Workload gap	Surface	Primary implementation	Public API
Induced-rule audit	Generated rule provenance	`crates/xlog-induce/src/provenance.rs`	`InducedRuleProvenance`, `InductionProvenanceRegistry`
Rule origin audit	Source/generated rule provenance	`crates/xlog-logic/src/diagnostics.rs`	`xlog explain`, `CompiledLogicProgram.rule_provenance()`, `LogicRelationSession.rule_provenance()`, `CompiledProgram.rule_provenance()`
Delta replay audit	Relation delta debug summaries	`crates/xlog-gpu/src/logic.rs`, `crates/pyxlog/src/logic.rs`	`LogicRelationSession.apply_relation_delta_debug(...)`, `delta_stats()`
Temporal/source audit	Temporal relation metadata	`crates/pyxlog/python/pyxlog/__init__.py`	`LogicRelationSession.put_temporal_relation(...)`, `temporal_provenance(...)`
Query proof audit	Direct query proof traces	`crates/xlog-logic/src/diagnostics.rs`	`xlog explain`, `proof_traces()` on deterministic and probabilistic pyxlog programs
Neural hot-loop audit	Unified `nn/4` diagnostics	`crates/pyxlog/src/program.rs`	`CompiledProgram.neural_hot_loop_diagnostics()`
Biomedical graph ingestion audit	Native streamed biomedical graph rows	`crates/xlog-gpu/src/biokg.rs`	`StreamingGraphRelationLoader`, `GraphInputFormat`
Generated-rule row audit	Accepted/rejected row decisions	`crates/xlog-cli/src/main.rs`	`xlog explain --format json` `generated_rule_diagnostics`
Relation evidence audit	Session and relation provenance APIs	`crates/pyxlog/python/pyxlog/__init__.py`	`put_relation_with_provenance(...)`, `evidence(...)`, `RelationEvidence.provenance()`
Neural lineage audit	Checkpoint/split/calibration/influence metadata	`crates/pyxlog/python/pyxlog/__init__.py`	`register_network(...checkpoint_hash=...)`, `nn4_lineage()`, `record_nn4_influence(...)`
Delta planner audit	Cache/fallback/speedup telemetry	`crates/xlog-gpu/src/logic.rs`, `crates/pyxlog/src/logic.rs`	`DeltaPlannerTelemetry`, `delta_stats()["planner_telemetry"]`
Validation staging audit	Promote-only-on-PASS evidence staging	`scripts/validation_staging.py`	`ValidationStagingRun`

Rule And Proof Diagnostics

xlog_logic::diagnostics is the shared source of truth for rule provenance and query proof traces.
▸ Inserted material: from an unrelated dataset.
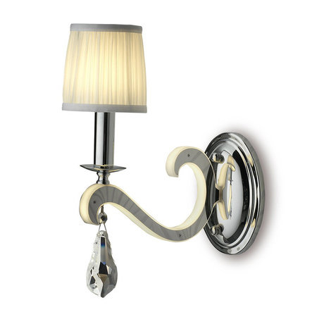 Бра однорожковое Creta на хромированной арматуре с рожком из метакрилата. Текстильный абажур белого цвета. Хрустальный кулон на арматуре.

It exports:

pub enum RuleSourceKind {
    Source,
    Generated,
    Imported,
    RuntimeInjected,
}

pub struct RuleProvenance {
    pub rule_id: String,
    pub head: String,
    pub source_kind: RuleSourceKind,
    pub source_span: Option<String>,
    pub generation_trace_hash: Option<String>,
    pub support_relation_ids: Vec<String>,
    pub counterexample_relation_ids: Vec<String>,
}

pub struct QueryProofTrace {
    pub query_id: String,
    pub query: String,
    pub answer_relation: String,
    pub rule_ids: Vec<String>,
    pub source_facts: Vec<String>,
    pub rejected_alternatives: Vec<String>,
}

The CLI uses the same records in xlog explain. Text output prints compact rule_provenance: and proof_traces: sections. JSON output emits full rule_provenance and proof_traces arrays with stable snake-case keys. For generated-rule candidates, JSON output also emits generated_rule_diagnostics. Each entry includes row_decisions with:

row_key
accepted
failed_predicates
threshold_comparisons with left/right values and pass/fail status
aggregate_inputs

This generated-rule diagnostic surface explains both accepted generated-rule rows and rejected rows whose predicates or threshold checks failed. Generated-rule diagnostics cover inline generated facts and external candidate relations. For external inputs such as an external generated program, xlog explain --format json resolves xlog_hypothesis_execution.json, reads relation_input_columns plus relation_input_path, binds those rows to the candidate input atom, and computes threshold decisions inside the CLI report rather than relying on Python-only rejection sidecars. pyxlog exposes the same records as Python dictionaries on:

CompiledLogicProgram.rule_provenance() and .proof_traces()
LogicRelationSession.rule_provenance() and .proof_traces()
CompiledProgram.rule_provenance() and .proof_traces()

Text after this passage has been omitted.